15. (1) If the Refugee Protection Division designated a representative for the person who is the subject of the appeal in the proceedings relating to the decision being appealed, the Division is deemed to have designated that person to represent the person, unless the Division orders otherwise.

Duty of counsel to notify

(2) If the Refugee Protection Division did not designate a representative for the person who is the subject of the appeal and counsel for a party believes that the Division should designate a representative for the person because the person is under 18 years of age or unable to appreciate the nature of the proceedings, counsel must without delay notify the Division in writing.

Exception

(3) Subrule (2) does not apply in the case of a person under 18 years of age who is the subject of an appeal that is joined with the appeal of a decision in which the subject of the appeal is 18 years of age or older.

Content of notice

(4) The notice must include the following information:

  • (a) whether counsel is aware of a person in Canada who meets the requirements to be designated as a representative and, if so, the person’s contact information;
  • (b) a copy of any available supporting documents; and
  • (c) a statement regarding the reasons why counsel believes that a representative should be designated.

Requirements for being designated

(5) To be designated as a representative, a person must

  • (a) be 18 years of age or older;
  • (b) understand the nature of the proceedings;
  • (c) be willing and able to act in the best interests of the person who is the subject of the appeal; and
  • (d) not have interests that conflict with those of the person who is the subject of the appeal.

Factors

(6) When determining whether a person who is the subject of an appeal is unable to appreciate the nature of the proceedings, the Division must consider any relevant factors, including

  • (a) whether the person can understand the reason for the proceeding and instruct counsel;
  • (b) the person’s own statements and behaviour at the proceeding;
  • (c) expert evidence, if any, on the person’s mental health, intellectual or physical faculties, age or mental condition; and
  • (d) whether the person has had a representative designated for a proceeding in a division other than the Refugee Protection Division.

Designation by member

(7) Any member of the Division may designate a representative for a person who is the subject of an appeal before a proceeding begins.
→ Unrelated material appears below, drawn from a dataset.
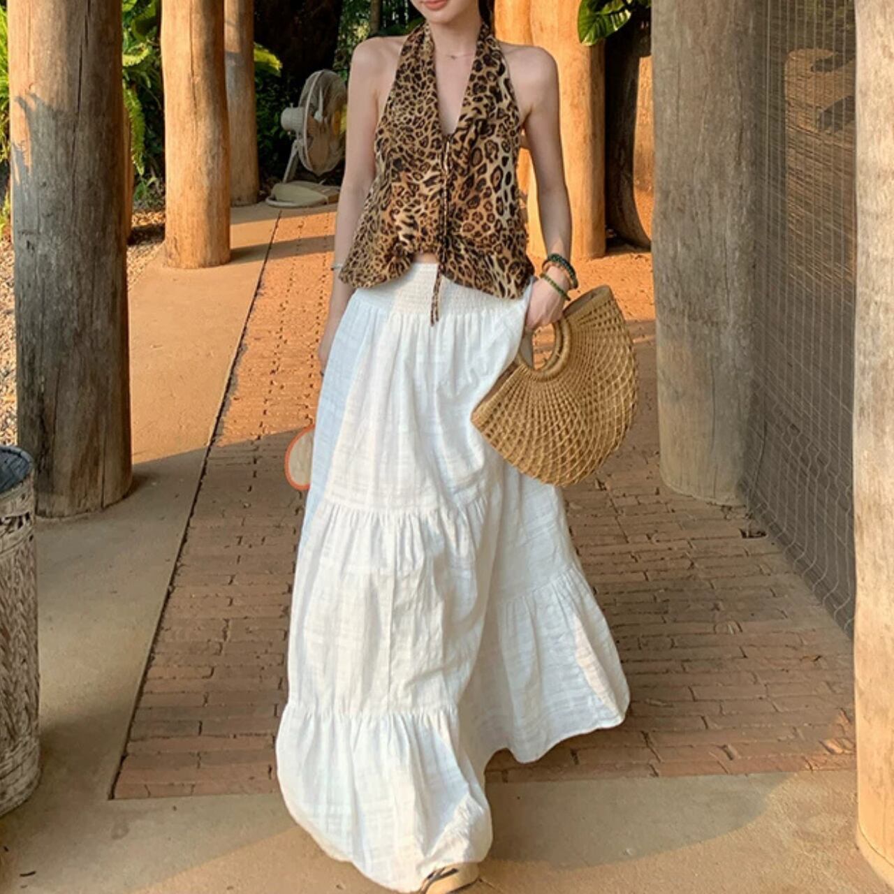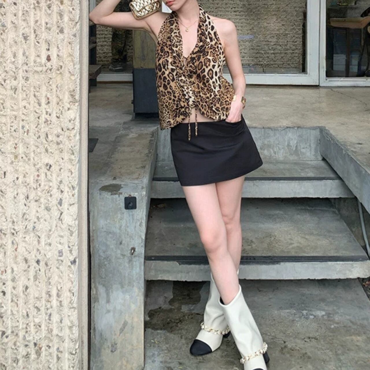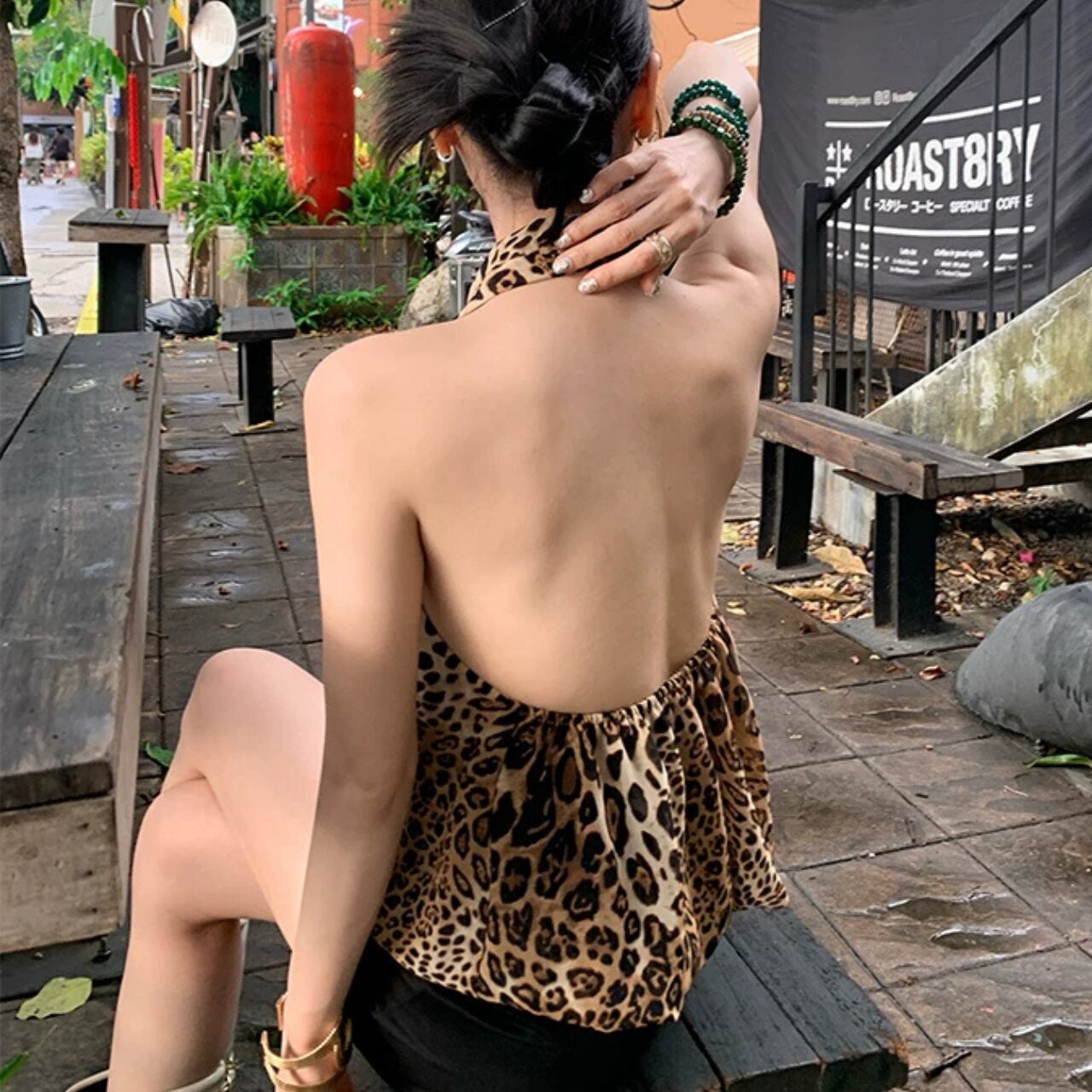 首元と肩のラインを美しく見せるホルターネックデザインのトップスです。

Designation applies to all proceedings

(8) The designation of a representative for a person who is under 18 years of age or who is unable to appreciate the nature of the proceedings applies to all subsequent proceedings in the Division with respect to that person unless the Division orders otherwise.

End of designation — person reaches 18 years of age

(9) The designation of a representative for a person who is under 18 years of age ends when the person reaches 18 years of age, unless a representative has been designated because the person is unable to appreciate the nature of the proceedings.

Termination of designation

(10) The Division may terminate a designation if the Division is of the opinion that the representative is no longer required or suitable and may designate a new representative if required.

Designation criteria

(11) Before designating a person as a representative, except under subrule (1), the Division must

  • (a) assess the proposed person’s ability to fulfil the responsibilities of a designated representative; and
  • (b) ensure that the proposed person has been informed of the responsibilities of a designated representative.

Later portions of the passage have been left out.